It doesn't seem long ago now that you could bet people that almost every swanky new restaurant being built in a city was soon to be crowned a sushi bar.
In the late 80s sushi blew up in New York with the help of the Japanese chef Nobuyuki Matsuhisa and his celebrity fan Robert De Niro. Then in the 90s the people of London slowly let down their guard and started to consume this exotic offering from Japan. Now sushi is in every major city in the world, the supermarkets stock it and there's even famous sushi chefs with big budget documentary crews following their lives.
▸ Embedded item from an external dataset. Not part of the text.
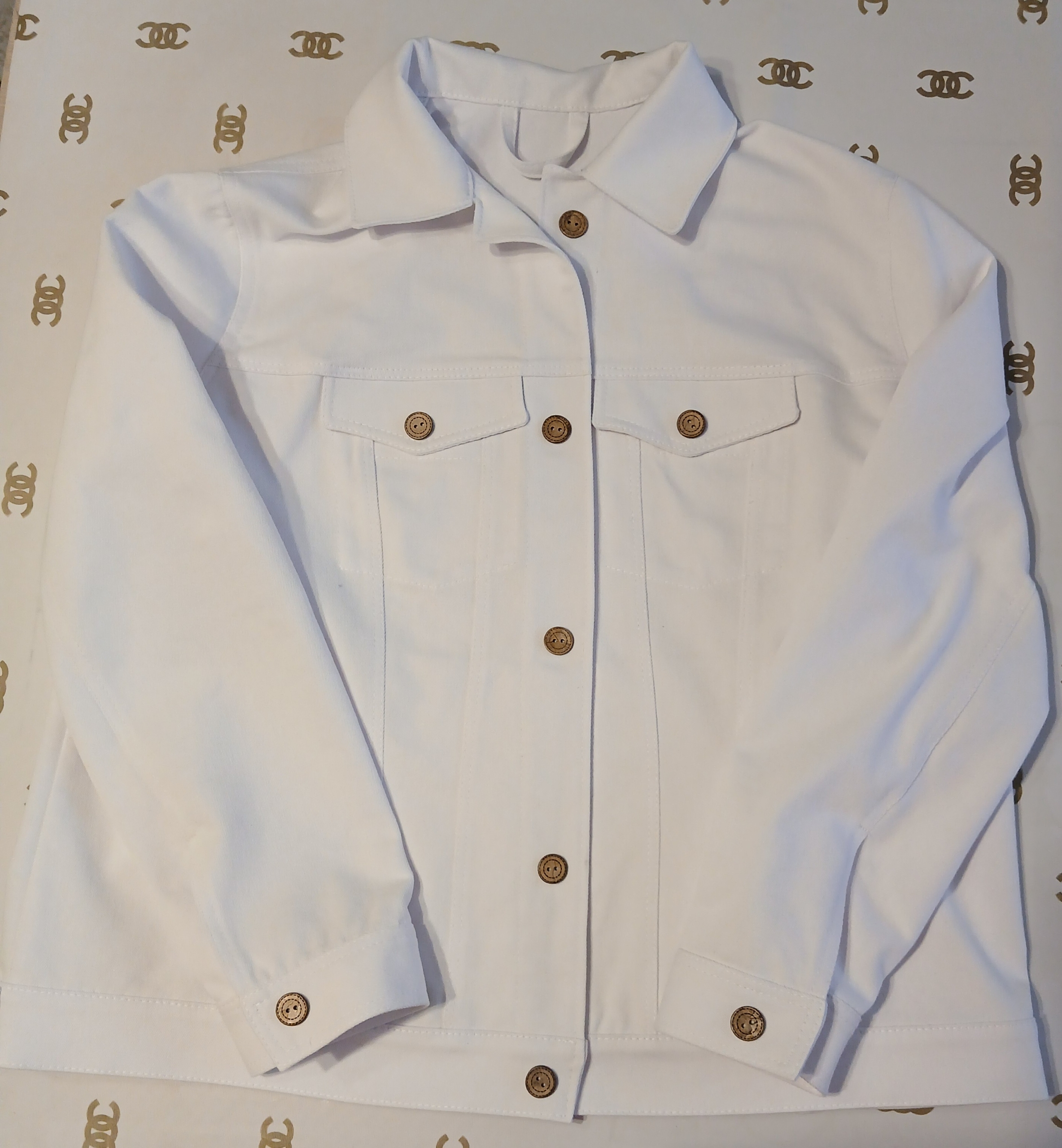 Также вам понадобится дублерин для укрепления деталей воротника, планки, манжет, 11 джинсовых пуговиц, хлопок для подкладки карманов 24 см.

Safe to now call it a global dish, sushi is for the Japanese what pizza is for the Italians, an icon of the people, a symbol of the country, something representative of culture. It took sushi over 2,500 years to get to this level but it may now be time to step aside and make way for a spicier, tastier and louder raw seafood dish from Peru.
Ceviche is a traditional dish from Central and South America, varying greatly in preparation and taste depending on where it is made. The origins of the dish are from Peru, something the world famous Peruvian chef Gaston Acurio is very proud of.
For a long time the chef has been working with producers and chefs from his country to try and push ceviche as a national dish. Something the people should be proud of and something they should export. It seems he understands the importance of a symbolic food used to help identify his nation and it seems the message he has been preaching for years is finally getting through as more and more ceviche bars begin to open around the world. But what is ceviche?
It's a simple food consisting of raw (sometimes cooked) fish, diced onion, lime, coriander and lots of chili. Some people add tomato sauce and other people may add coconut milk. There are literally hundreds of variations, small nuances in the way each person prepares it and very few rules - something that makes it perfect for exporting.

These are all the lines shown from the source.